[[ SOURCE DATA, beginning ]]

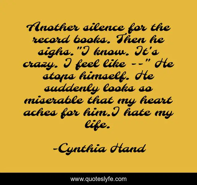 This page presents the quote "Another silence for the record books. Then he sighs."I know. It's crazy. I feel like --" He stops himself. He suddenly looks so miserable that my heart aches for him.I hate my life.". Author of this quote is Cynthia Hand. This quote is about paranormal-romance, angel,.
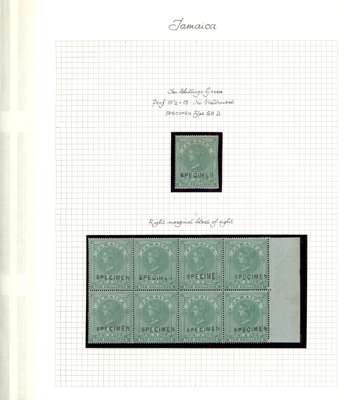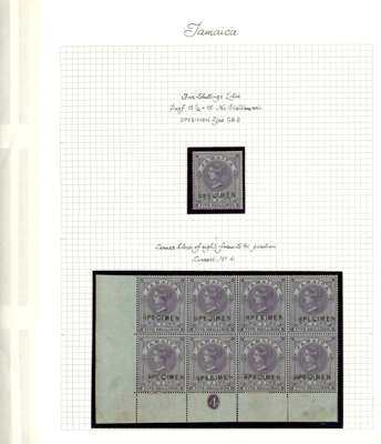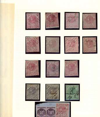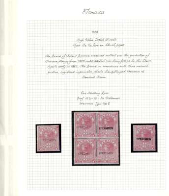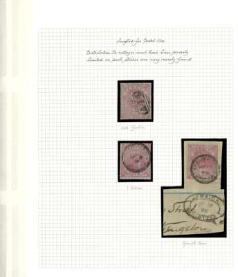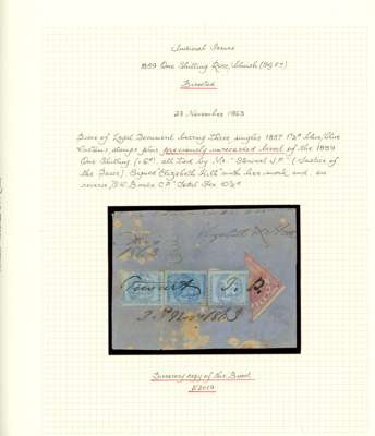 1858 Postal Fiscal issue superb collection on 7 pages including Specimens Type GB6 singles (4) and 1s block of four, 5s lower left corner plate block of eight (4x2) and 10s right marginal block of 8 (4x2), 1s rose with manuscript 'specimen', (two types), revenue usage of 1s (12), 5s (2) and 10s, plus the discovery example of the 1s BISECT on document piece, and postal usage of the 1s (3). A wonderful lot, the large Specimen multiples spectacular.
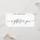 Um certificado de presente preto e branco minimalista para uma empresa profissional usar como ferramenta de promocional para desenvolver a lealdade do cliente. Você pode alterar a fonte, a cor da fonte, o tamanho da fonte, o espaçamento da letra, a cor do plano de fundo, a cor de preenchimento do fundo do retângulo branco e reposicionar o texto usando a Ferramenta Design. Você também pode excluir as informações que não deseja. O simples design elegante moderno é seu para personalizar como quiser.

[[ SOURCE DATA, end ]]

**GOAL OF THE EXERCISE:**
Word-for-word repeat, images excluded: return all the data.

**REPLY:**
 This page presents the quote "Another silence for the record books. Then he sighs."I know. It's crazy. I feel like --" He stops himself. He suddenly looks so miserable that my heart aches for him.I hate my life.". Author of this quote is Cynthia Hand. This quote is about paranormal-romance, angel,.
 1858 Postal Fiscal issue superb collection on 7 pages including Specimens Type GB6 singles (4) and 1s block of four, 5s lower left corner plate block of eight (4x2) and 10s right marginal block of 8 (4x2), 1s rose with manuscript 'specimen', (two types), revenue usage of 1s (12), 5s (2) and 10s, plus the discovery example of the 1s BISECT on document piece, and postal usage of the 1s (3). A wonderful lot, the large Specimen multiples spectacular.
 Um certificado de presente preto e branco minimalista para uma empresa profissional usar como ferramenta de promocional para desenvolver a lealdade do cliente. Você pode alterar a fonte, a cor da fonte, o tamanho da fonte, o espaçamento da letra, a cor do plano de fundo, a cor de preenchimento do fundo do retângulo branco e reposicionar o texto usando a Ferramenta Design. Você também pode excluir as informações que não deseja. O simples design elegante moderno é seu para personalizar como quiser.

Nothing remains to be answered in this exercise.